About 200 universities in Germany will reportedly lose their subscriptions to Elsevier journals. According to Nature News reports, negotiations have failed to end a long-term contract dispute. Academics in the country lost access to Elsevier content briefly earlier this year, but it was later restored while contract talks resumed.

Advocates of open-access publishing worldwide say that victory for the German universities would be a major blow to conventional models of scientific publishing based on subscription fees. Germany's firm stand in the battle to reduce subscription prices and promote immediate open access could herald profound changes to the global landscape of scholarly publishing, they say.

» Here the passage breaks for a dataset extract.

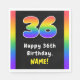 Cette conception captivante et optimisée de serviette d'anniversaire comporte un grand nombre de "36" avec un motif multicolore de spectre arc-en-ciel inspiré de dégradé, avec le message "Happy 36th Birthday," et un nom de destinataire modifiable. Des serviettes en papier vibrantes comme celles-ci pourraient être utilisées pour organiser une fête pour quelqu'un à l'occasion de leur 36e anniversaire. [~Z0000629]

Negotiators with 'Project DEAL', a consortium of university libraries and research institutes, have been in talks with Elsevier for more than two years. They want a deal that would give most scientists in Germany full online access to 2,500 or so Elsevier journals, at about half the price that individual libraries have paid in the past. Open access is proving to be the sticking point in the talks. Under the deal sought, all corresponding authors affiliated with German institutions would be allowed to make their papers free to read and share by anyone in the world at no extra cost.

In September, a Finnish university consortium that sought a nationwide contract with Elsevier reached a preliminary understanding with the company after lengthy negotiations and a temporary strike by peer reviewers. Details of the agreement are yet to be disclosed, but sources say that it will include both reduced journal prices and permission for some articles by Finnish authors to be made freely available at no charge.

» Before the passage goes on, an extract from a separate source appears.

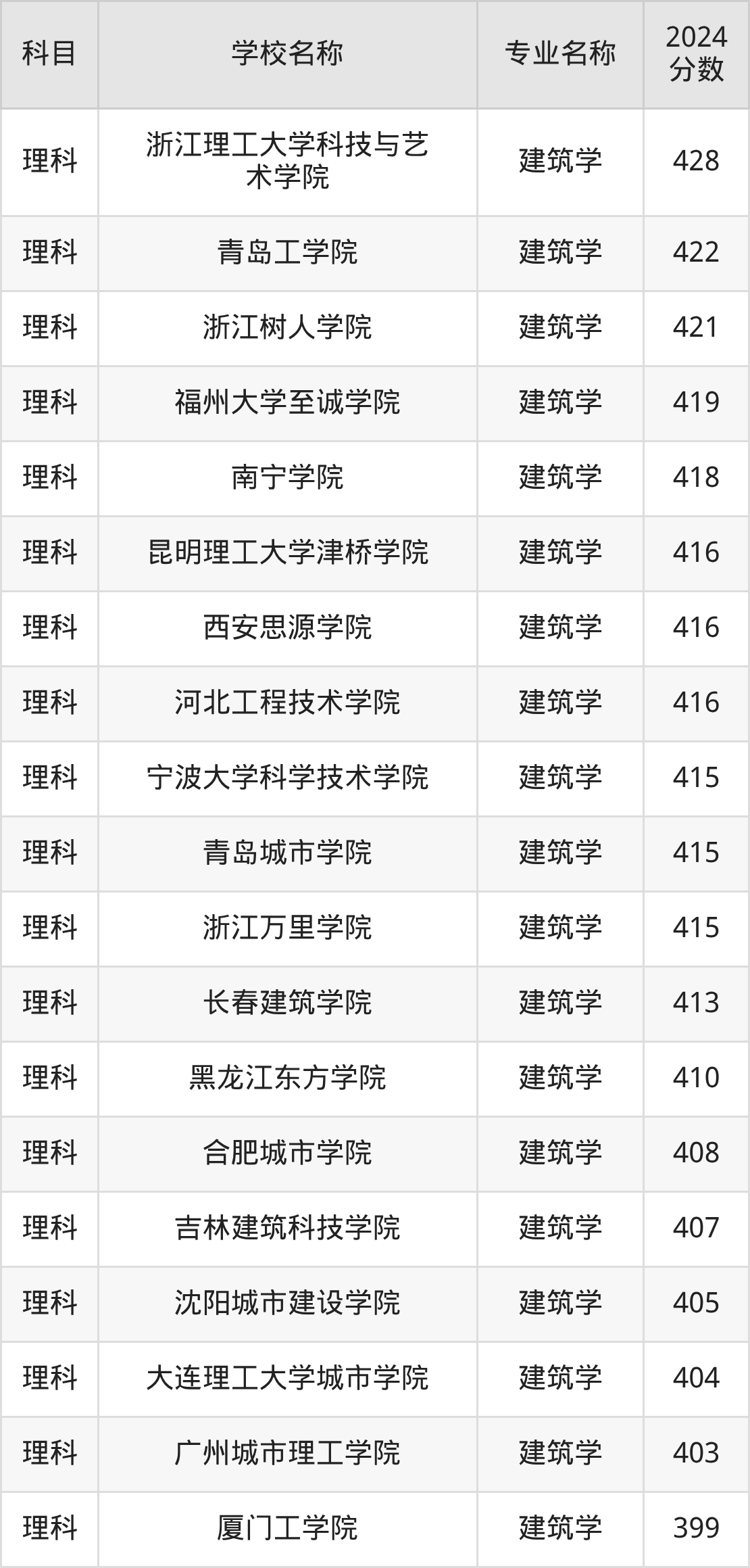 | 郑州升达经贸管理学院 | 建筑学 | 443 |

Gerard Meijer, a Dutch physicist now at the Max Planck Society's Fritz Haber Institute in Berlin, was involved in negotiating open-access deals with Elsevier in the Netherlands in 2015. One deal allows scientists at 14 Dutch universities to make 30% of papers in selected journals open access without extra costs.

According to Hannfried von Hindenburg, a spokesman for Elsevier, some 19% of research articles published in 2016 that included a German author were published in an Elsevier journal. Germany is also negotiating an open-access deal with Springer Nature, Nature's publisher. In order to buy more time, both sides agreed in October to a one-year extension of all existing contracts that are due to end December 31, 2017.